So, here I am on this journey called cancer.

Looking at it now, I feel like it began with me being thrown in the back of a car, blindfolded and then dropped on a back road in the middle of nowhere (which, given where we live, and if I’m going to be honest with you, could actually be just a couple of miles from our house), and told to find my way. Not my way home, mind you, but find my way to the next thing that happens. Get on that cancer path and go, mister.

I was allowed to take the blindfold off, so I can at least look for guideposts. Since I have no idea what I’m doing, let alone where I’m going, useful guideposts can be few are far between.

I suppose that “the next thing that happens” is generally some special moment in time, some event that has an anniversary or something else special about it, and I get to check it off the list of things I wasn’t sure I was going to live to see.

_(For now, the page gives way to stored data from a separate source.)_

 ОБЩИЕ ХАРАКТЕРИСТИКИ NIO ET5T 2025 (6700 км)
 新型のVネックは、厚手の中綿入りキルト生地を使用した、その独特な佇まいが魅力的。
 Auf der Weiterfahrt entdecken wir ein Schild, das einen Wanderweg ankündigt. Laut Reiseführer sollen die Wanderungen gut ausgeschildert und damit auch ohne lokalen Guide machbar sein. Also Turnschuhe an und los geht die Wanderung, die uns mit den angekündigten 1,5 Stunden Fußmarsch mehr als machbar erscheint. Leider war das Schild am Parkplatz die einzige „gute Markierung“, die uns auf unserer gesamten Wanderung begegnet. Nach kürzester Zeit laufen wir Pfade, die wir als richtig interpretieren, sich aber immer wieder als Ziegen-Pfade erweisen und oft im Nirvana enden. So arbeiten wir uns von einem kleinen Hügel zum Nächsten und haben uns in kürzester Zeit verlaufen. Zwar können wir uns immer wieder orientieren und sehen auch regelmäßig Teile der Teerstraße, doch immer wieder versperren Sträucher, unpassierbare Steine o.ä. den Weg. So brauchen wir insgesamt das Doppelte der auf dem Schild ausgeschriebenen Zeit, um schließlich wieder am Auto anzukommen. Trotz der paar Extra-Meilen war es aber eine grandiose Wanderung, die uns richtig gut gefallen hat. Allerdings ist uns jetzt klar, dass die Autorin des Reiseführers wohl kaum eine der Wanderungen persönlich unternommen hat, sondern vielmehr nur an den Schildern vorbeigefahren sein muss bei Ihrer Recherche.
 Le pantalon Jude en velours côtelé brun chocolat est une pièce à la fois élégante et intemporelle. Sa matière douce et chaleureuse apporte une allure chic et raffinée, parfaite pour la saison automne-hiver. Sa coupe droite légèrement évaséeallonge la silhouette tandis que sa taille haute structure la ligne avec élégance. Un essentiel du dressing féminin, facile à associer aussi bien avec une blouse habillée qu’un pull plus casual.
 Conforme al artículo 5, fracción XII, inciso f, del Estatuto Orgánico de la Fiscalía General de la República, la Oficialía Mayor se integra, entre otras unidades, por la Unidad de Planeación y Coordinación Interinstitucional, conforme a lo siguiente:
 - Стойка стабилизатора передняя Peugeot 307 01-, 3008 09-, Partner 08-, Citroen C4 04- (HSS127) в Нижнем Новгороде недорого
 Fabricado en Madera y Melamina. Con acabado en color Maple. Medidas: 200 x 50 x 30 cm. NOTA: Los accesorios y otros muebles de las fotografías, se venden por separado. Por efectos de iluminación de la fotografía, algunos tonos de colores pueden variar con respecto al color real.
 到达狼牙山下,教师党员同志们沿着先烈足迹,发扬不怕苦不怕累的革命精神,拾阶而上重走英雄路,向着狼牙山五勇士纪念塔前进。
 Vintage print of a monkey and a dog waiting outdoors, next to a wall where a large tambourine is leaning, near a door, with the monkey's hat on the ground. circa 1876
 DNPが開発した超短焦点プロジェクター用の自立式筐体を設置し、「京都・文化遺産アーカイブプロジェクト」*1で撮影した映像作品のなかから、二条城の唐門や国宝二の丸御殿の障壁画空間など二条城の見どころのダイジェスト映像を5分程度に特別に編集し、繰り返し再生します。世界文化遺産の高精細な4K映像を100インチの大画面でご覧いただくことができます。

I was first diagnosed with multiple myeloma in September, so the first big thing I wondered about would be whether I would see Christmas that year. This was very early on, obviously, yet to this day I have never been given a prognosis, nor do I want one. Still, it became quickly apparent that we were talking months, years even, rather than weeks.

It’s been just about 2½ years now, and Sheri and I are pretty happy about that. We’ve had three Christmases together, and plenty of birthdays for ourselves, our children and our grandchildren. We saw our oldest grandson, Jacob, graduate from high school. Well, we didn’t actually see him. I was going through a period where I was really too sick to travel, but at least we celebrated it, and there were pictures.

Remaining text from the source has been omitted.